US President Donald Trump has thrown his weight behind former New York Governor Andrew Cuomo in the city’s hotly contested mayoral race — and warned that federal funding could be slashed if Democratic nominee Zohran Mamdani wins.
Speaking on Truth Social late Monday, Trump urged voters to back Cuomo despite their political differences.
“Whether you personally like Andrew Cuomo or not, you really have no choice. You must vote for him and hope he does a fantastic job. He is capable of it — Mamdani is not!” Trump wrote.
The president made similar remarks during a CBS 60 Minutes interview, calling Mamdani a “communist” — a label the 34-year-old lawmaker has rejected.
“It’s gonna be hard for me as the president to give a lot of money to New York,” Trump said. “Because if you have a communist running New York, all you’re doing is wasting the money you’re sending there.”
Mamdani, a self-described democratic socialist and state assemblyman from Queens, dismissed Trump’s warning as “a threat, not the law.”
“I’ll address that threat for what it is,” he said. “The MAGA movement’s embrace of Andrew Cuomo only proves who Trump believes would be best for him, not for New Yorkers.”

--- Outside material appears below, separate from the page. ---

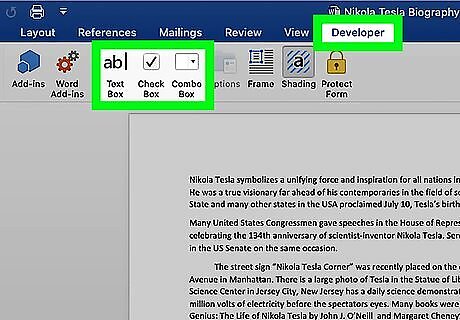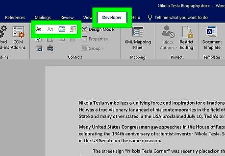 Create your form. Click the icons in the Developer tab to add elements, like checkboxes and fillable fields. You'll see the icons in the "Controls" grouping next to "Design Mode." The first “Aa” icon on the right side of the panel says “Rich Text Content Control” when you hover over it. This inserts an empty field into the document that can be filled with images, videos, text, and more. The second “Aa” icon says “Plain Text Content Control”. This will insert a blank fillable field into your document that the user can fill with text. The “Combo Box Content Control” icon is next to the check box icon, and this will insert a drop-down menu into your document. The "Properties" button will open options for you to add more items to the drop-down menu. The “Date-Picker” icon looks like a calendar and will insert an empty box that will launch a calendar so your form user can pick a specific date. The "Properties" button will open options for you to choose the box format and display. The check box icon adds a check box to your document. After this, you've created your fillable form! However, you can't use it completely until you've restricted editing of the document. By continuing on to the next steps, you can use keyboard shortcuts like Tab to go to the next question.

The endorsement has upended the political dynamic ahead of the November vote. Mamdani leads most opinion polls, followed by Cuomo — who is running as an Independent after losing the Democratic primary — while Republican candidate Curtis Sliwa trails in third.
Trump, notably, refused to endorse Sliwa, warning that “a vote for Curtis Sliwa is a vote for Mamdani.”
Cuomo, who governed New York during the Covid-19 pandemic and has often clashed with Trump, shrugged off the endorsement, saying:
“He’s not endorsing me — he’s opposing Mamdani.”
If Mamdani wins, he would become New York City’s first Muslim mayor and its youngest in over a century.
Cuomo, however, has leaned on his experience in dealing with Trump-era policies, telling voters he’s the only candidate capable of standing up to the president.
“I fought Donald Trump,” he said during a recent debate. “When I’m fighting for New York, I don’t stop.”
New York City received $7.4 billion (£5.7 billion) in federal funding this fiscal year — money that could now be caught in the crossfire of a presidential feud spilling into local politics.